— А сам как охотником стал? — перебил Тимоха.
— Да в ту же зиму. Набрался мешок заячьих шкурок, несколько норок да соболей. Словились они по случайности на приманки моими мальчонками. Мне за тот мех и ружье дали, и патроны. И пороху, и дроби. В одночасье показали, как гильзы заряжать. Я и пошел в тайгу, помолившись. Куда деваться было? В тот же день оленя уложил.

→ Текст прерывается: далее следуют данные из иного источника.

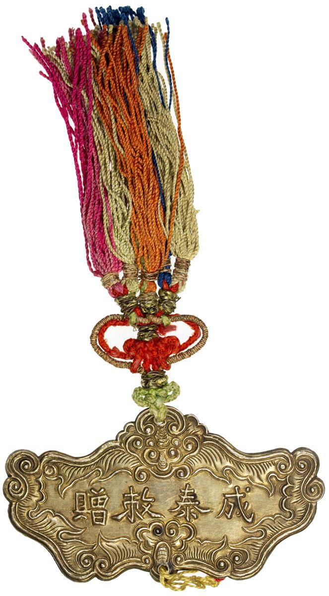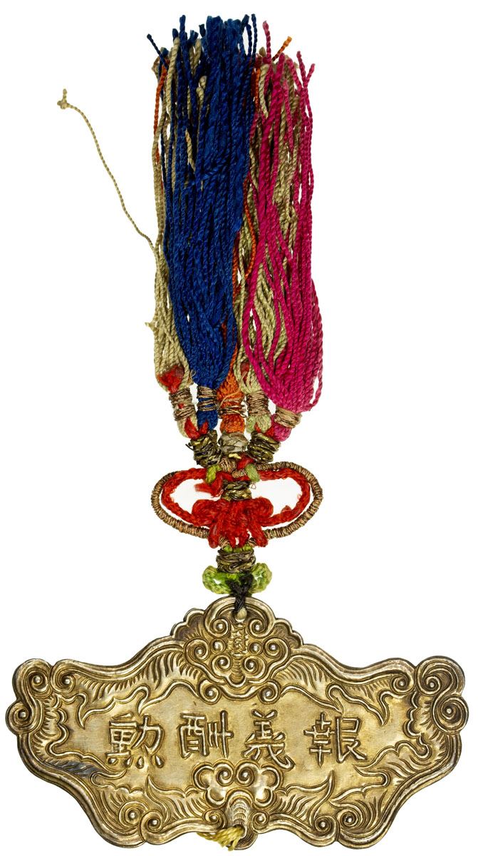 NGUYEN DYNASTY (ANNAM): Thanh Thai, 1889-1907, AV kim khánh medal (18.78g), Barac-77, cf. Sylvester-1/C/3/B, 76 x 41mm, Order of Kim Khánh Middle Class, made with two pieces of repoussé gold, thanh thai sac tang // bao nghia thu huan ("Bestowed by Thanh Thai // To reward righteousness & merit"), framed by floral decoration with curlicues at the top, bottom & corners, attached at top (sic) with knot & five multicolored tassels, and at bottom with cord, likely made by a goldsmith imitating the Chinese characters and worn upside-down by a recipient who can 't read them, AU, R, ex John Sylvester Jr. Collection. Khánh, which means a ceremonial gong of pleasing sound, was the most prestigious award during the Nguyen Dynasty. It comprised four classes (Great, First, Second, and Third) and was sparingly bestowed to officials of distinction, who could be seen in old photographs wearing them in the middle of their chest on important occasions. One example was even awarded to the President of France in 1875. Due to the hefty cost of production, the imperial court began issuing only a brevet in 1912, leaving the recipient to purchase their own medal. The French manufacturer M. Delande, for instance, priced the gilt silver first class kim khánh medal at 225 francs in his 1938 catalog. In 1957, the Order of Kim Khanh was resurrected under President Ngo Dinh Diem as the second-ranking civilian decoration, with a new design of a scholar 's scrolls.
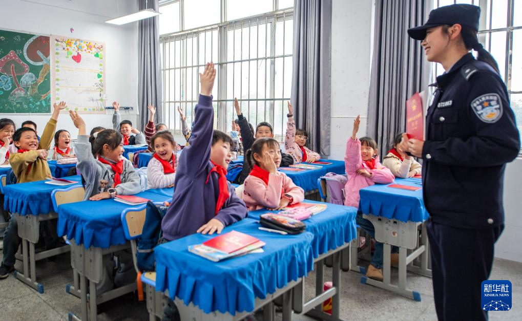 12月3日,在安徽省芜湖市繁昌区孙村镇中心小学,民警为小学生讲解宪法知识。

Кое-как доволок его до своих. На другой день — тоже. А мужики и рады. Мол, ты, Николай, везучий. Будь кормильцем для всех. А мы тебе дом поставим. И верно. Я раньше всех семью в дом привел. Но
всякий день о жратве думал. И Бог миловал, не голодали люди. Науку эту сам одолел, никто не помогал, не подсказывал.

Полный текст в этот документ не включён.